On Tuesday, as attitude shifted cautiously due to worries about another year of excessive borrowing, government bond rates closed modestly higher for the third session in a row.

After ending higher at 7.3283% on Monday, the benchmark 10-year yield ultimately came to 7.3335%.

According to Debendra Kumar Dash, senior vice-president of treasury at AU Small Finance Bank, “there are concerns about an elevated borrowing schedule, which has led to a spike in rates and made the market uneasy.” In the period leading up to the budget, there will be a great deal of uncertainty, with yields biased upward.

The government’s fiscal consolidation strategy and its borrowing schedule for the upcoming fiscal year will be heavily emphasized in the Union Budget 2023, which will be unveiled on February 1.
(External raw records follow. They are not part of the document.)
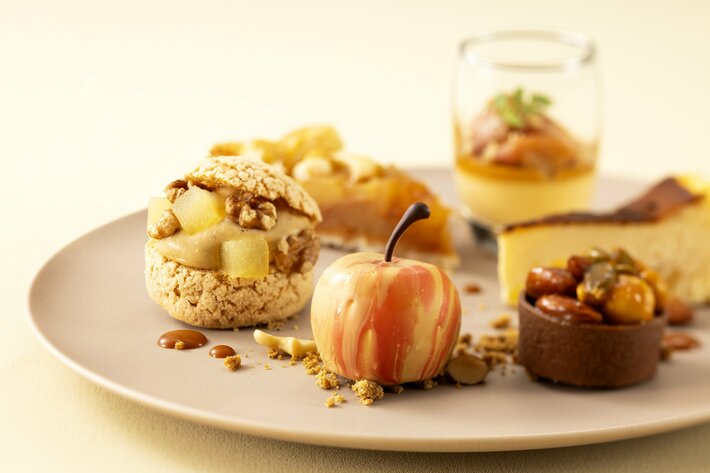 りんごとナッツが彩る、秋の華やかなスイーツの饗宴 URL : https://grand1934.com/offer/restaurant/new_sweets_bread/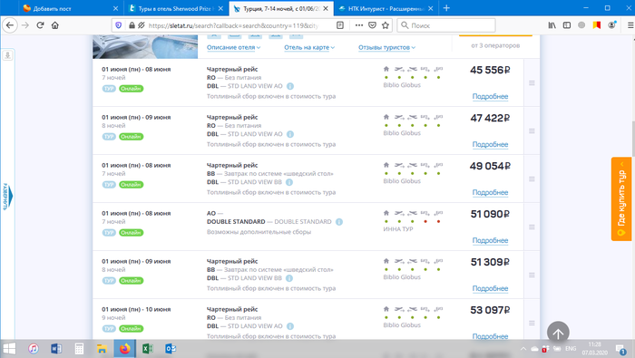 Проверим эту цену на проверенном настоящем агрегаторе туров (в том смысле, что он, действительно, качает данные с баз данных операторов) - sletat.ru.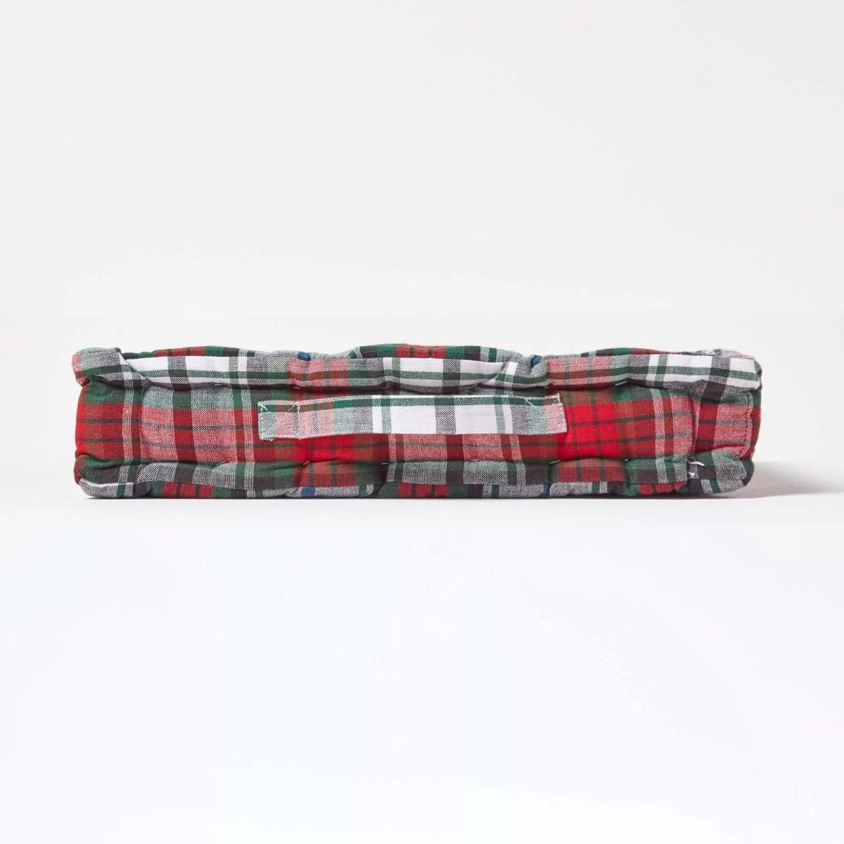 We have a fantastic range of large floor cushions, yarn dyed Floor Cushion Macduff Tartan being one of them. Made up of 100% cotton fabric and filled with high quality resilient fibres this tartan check floor cushion would look lovely in any room. Available in two sizes this floor cushion coordinates well with other soft furnishings such as the scatter cushions, curtains, kitchen linen and fabric in same or similar designs. These floor cushions comes with a carry handle and are easy to carry anywhere indoors as well as outdoors. These can be used as chair pads, seat pads, dining booster cushions, children floor cushions and garden bench cushions. We have a vast collection of floor cushions in plain, thick and thin stripes, beautiful floral and retro prints and classic woven tartan checks.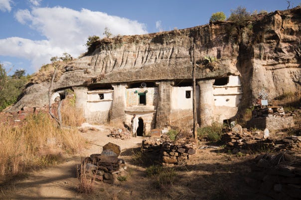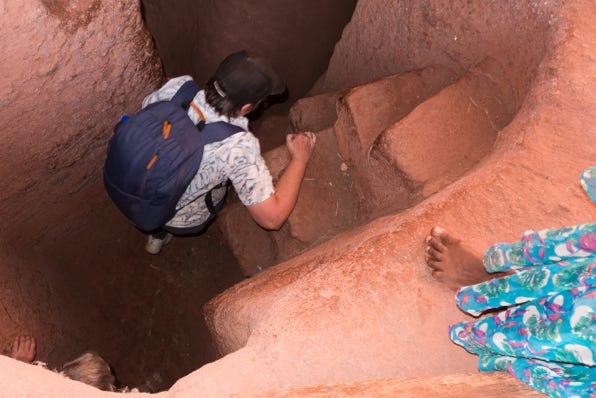 After lunch, we headed down another very bumpy dirt track to the church of Methane-Alem Adi Kesho. We’d had mixed reports about the climb up to the church, one guidebook describing it as ‘steep but easy’. Well, easy perhaps if you have a good head for heights. I had left my backpack behind and packed only one camera and lens. Just as well. The climb was a steep rock face, which did have footholds which were sometimes more dangerous than just the rock itself. Local lads turned out in force to offer their help (the going rate of payment is around 100 Birr, so just over £3.00). I accepted one man’s help quite happily.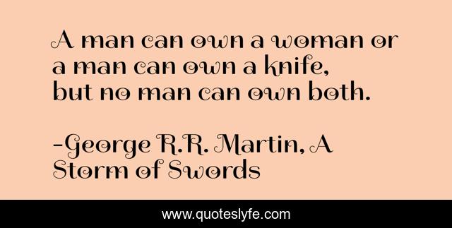 This page presents the quote "A man can own a woman or a man can own a knife, but no man can own both.". Author of this quote is George R.R. Martin, A Storm of Swords. This quote is about knife, wife,.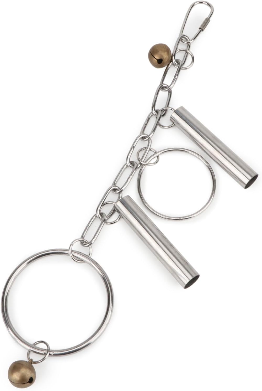 Hypeety Stainless Steel Bird Bell Toys Heavy Duty Hanging Spoons Rings Safe Metal Cage Hanging Bells Toy for Cockatoos Macaws African Grey Large Parrots and Birds (Bells+Rings)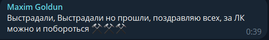 Maxim Goldun: Выстрадали. Выстрадали но прошли, поздравляю всех, за ЛК можно и побороться.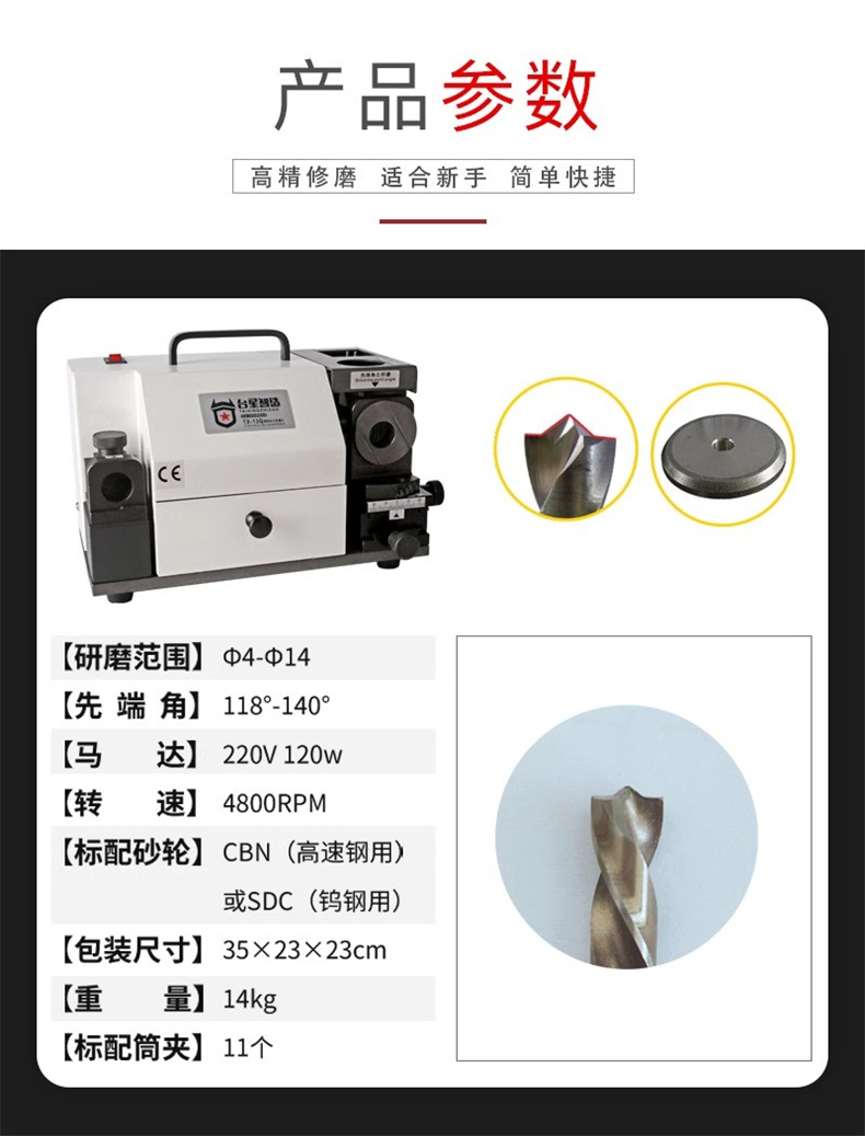 Molino de taladro de hoja TX - 13q (rango 4 - 14mm), rueda de molienda TX - 13q (cbn sdc)

The vast majority of analysts and market players predict that the government would aim for a gross borrowing total of more than Rs 15.50 lakh crore ($189.56 billion).

The borrowing has been estimated at Rs 16.10 lakh crore by the State Bank of India’s economic research department. By making open market purchases, it was said that demand for the intermediate portion of the curve must be generated in order to relieve pressure on the 10-year sector.

It anticipates that states would grossly borrow 8 trillion rupees in the upcoming fiscal year, despite the fact that states are still falling short of their borrowing commitments for the current fiscal year.

According to the Reserve Bank of India (RBI), the consolidated gross fiscal deficit to gross domestic product ratio is predicted to decrease to 3.4% from 4.1% for the prior year, signaling an improvement in state finances in 2022–2023.

In the meantime, New Delhi hopes to generate Rs 28,000 crore on Friday through the issuance of bonds. A lower-than-expected Rs 6,700 crore was raised earlier in the day by four Indian states.